Personal information
- Born: August 5, 1991 (age 34) Virginia Beach, Virginia, U.S.
- Listed height: 6 ft 9 in (2.06 m)
- Listed weight: 235 lb (107 kg)

Career information
- High school: Norfolk Academy (Norfolk, Virginia)
- College: VMI (2010–2014)
- NBA draft: 2014: undrafted
- Playing career: 2014–2016
- Position: Power forward / center

Career history
- 2014: Basic-Fit Brussels
- 2015: Alaska Aces
- 2015: Nea Kifissia
- 2015–2016: Phoenix Hagen

Career highlights
- First-team All-Big South (2014); 2× Big South Defensive Player of the Year (2013, 2014); Big South Freshman of the Year (2011);

= D. J. Covington =

American basketball player

Darius Jamar "D. J." Covington (born August 5, 1991) is an American former professional basketball player. He finished his collegiate career with the VMI Keydets basketball team, also finishing as the NCAA's 24th leading scorer in his senior year and won the Big South's Defensive Player of the Year in 2013 and 2014.

==High school career==
Covington attended Norfolk Academy from 2006 to 2010. In his junior season, he averaged 15 points, 9 rebounds and 2 blocks per game. He followed that up in his senior year with 18 points, 11 rebounds and 3 blocks per game. Covington was named to the first-team All-Tidewater Conference Independent Schools as well as All-Virginia Prep League three times. He also played on the school's football team at wide receiver.

==College career==
Covington made an impression in his freshman year for VMI in 2010–11, averaging 9.1 points and 5.3 rebounds per game, as well as 57 shot blocks en route to a Big South Freshman of the Year award. He was also dubbed the top Division I freshman in the state of Virginia.

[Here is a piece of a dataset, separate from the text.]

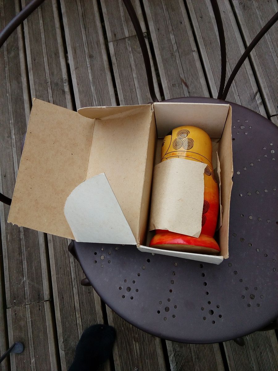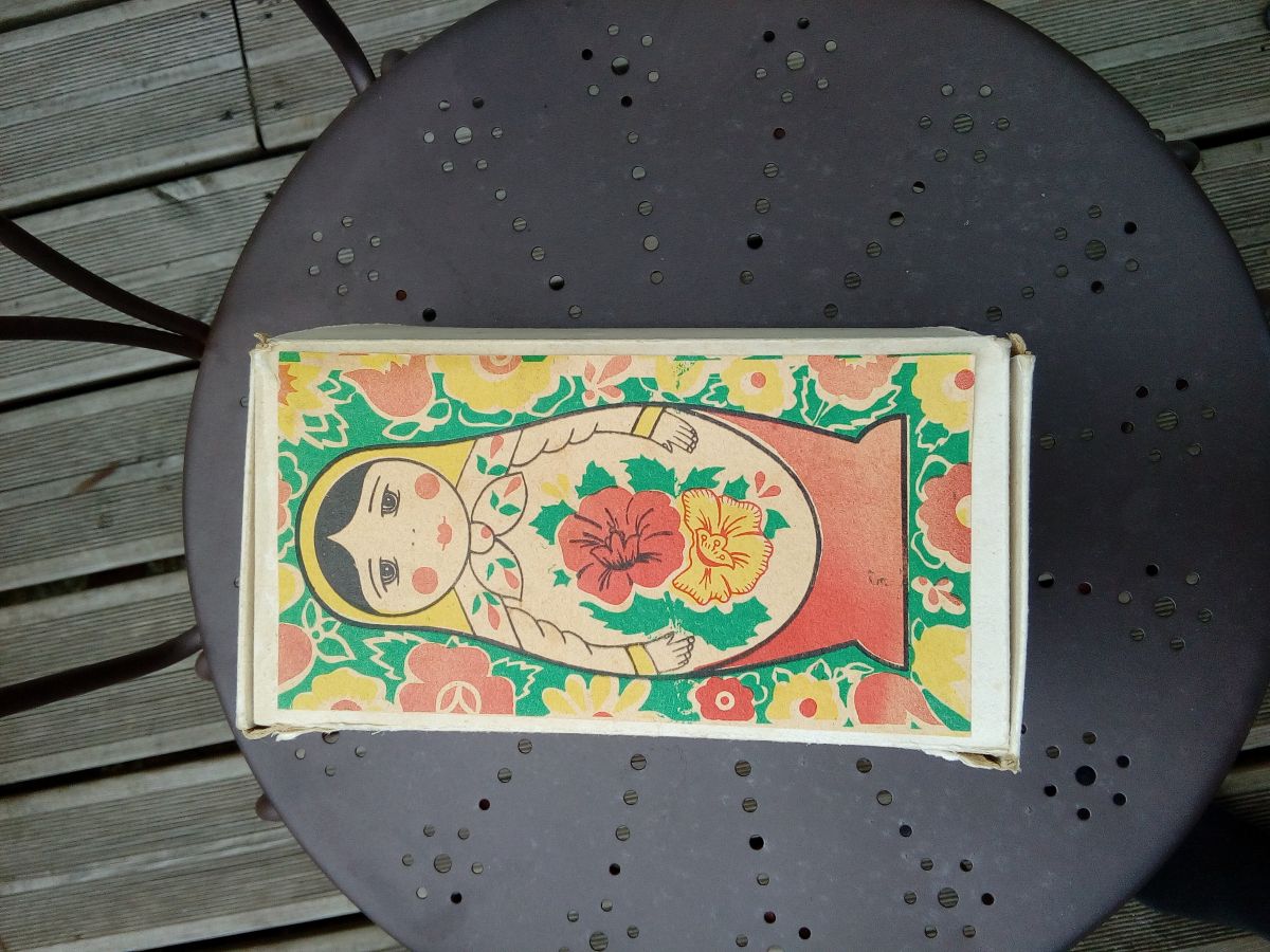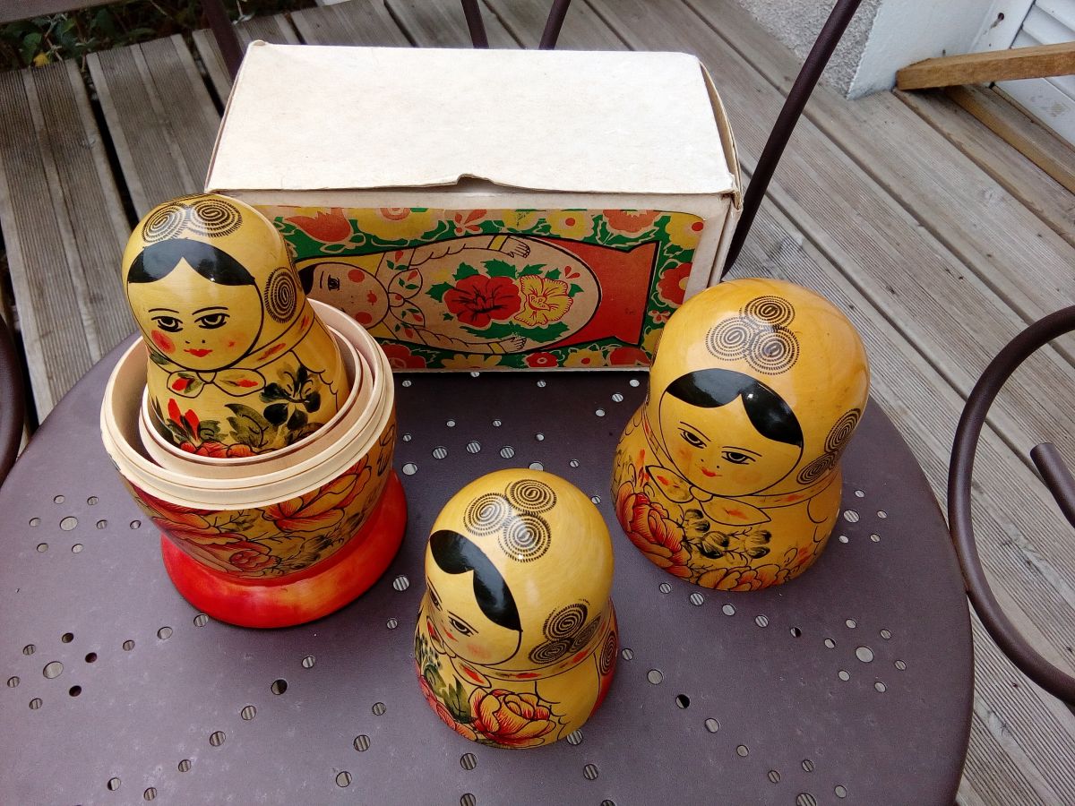 Ensemble de 8 poupées russes emboîtables les unes dans les autres. Elles datent des années 70-80, rapportées d'un voyage en Tchécoslovaquie (très certainement fabriquées en ussr). Elles sont accompagnées de leur boite en carton. Elles sont en bon état, ni cassure, ni éclat de peinture. Les couleurs sont encore vives, mais probablement un peu moins qu'à l'origine sur les plus grandes. La boite en carton est abîmée : deux déchirures d'un cm sur l'arête de pliage. La plus grande poupée mesure 19, 5 cm de haut pour 10 cm environ de plus grand diamètre. La plus petite mesure 3 cm de haut pour 1 cm environ de diamètre. Le tout pèse 420g.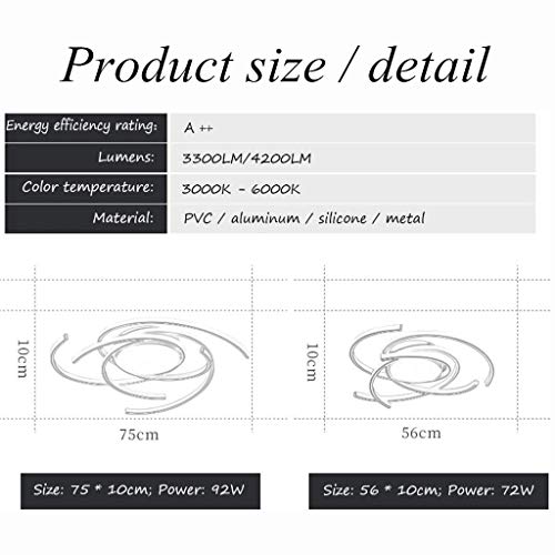 ★ [Dimensioni plafoniera LED] - L: 56 cm (22 ") × H: 10 cm (3,9") / L: 75 cm (30 ") × H: 10 cm (3,9"), lampadina a LED inclusa, potenza massima: 72 W / 92 W, materiale: alluminio e acrilico. Dimmer continuo (luce bianca fredda-luce naturale-luce bianca calda), con telecomando, luminosità e oscurità possono essere regolati.

Covington struggled in his sophomore campaign, playing in only 24 of the Keydets' 33 as he was hampered with a back injury. Covington managed to heat up towards the end of the year, shooting 68% from the field in the conference tournament. He ended up averaging only 5 points and 2.7 rebounds per game, which were both career lows. Covington was much improved his junior season, and his 7.2 rebounds and 3.0 blocks per game helped him earn his first Big South Defensive Player of the Year award. He was also effective on the offensive end, scoring 15 points per game, and his 56% shooting percentage led the conference.

Covington continued his upward trend in his senior year. He averaged 20.1 points per game, good for 24th in the country, and pulled down 9.3 rebounds. He shot 59% from the floor and improved his free throw shooting as well, shooting 70% from the line. His 106 blocks gave him a career 272 rejections, which became a VMI career record. Covington beat out D. J. Cunningham of UNC Asheville by two points to earn his second straight Defensive Player of the Year award.

==Professional career==

===2014–15 season===
On May 19, 2014, Covington signed with Basic-Fit Brussels for the 2014–15 Scooore League season. In December 2014, he parted ways with Brussels after appearing in eight games. On January 17, 2015, he signed with the Alaska Aces of the Philippine Basketball Association. However, he last just four games with Alaska before being replaced in the line-up by Damion James on February 18. Nine days later, he signed with Nea Kifissia for the rest of the 2014–15 Greek Basket League season.

===2015–16 season===
On July 22, 2015, Covington signed with Phoenix Hagen of Germany for the 2015–16 season.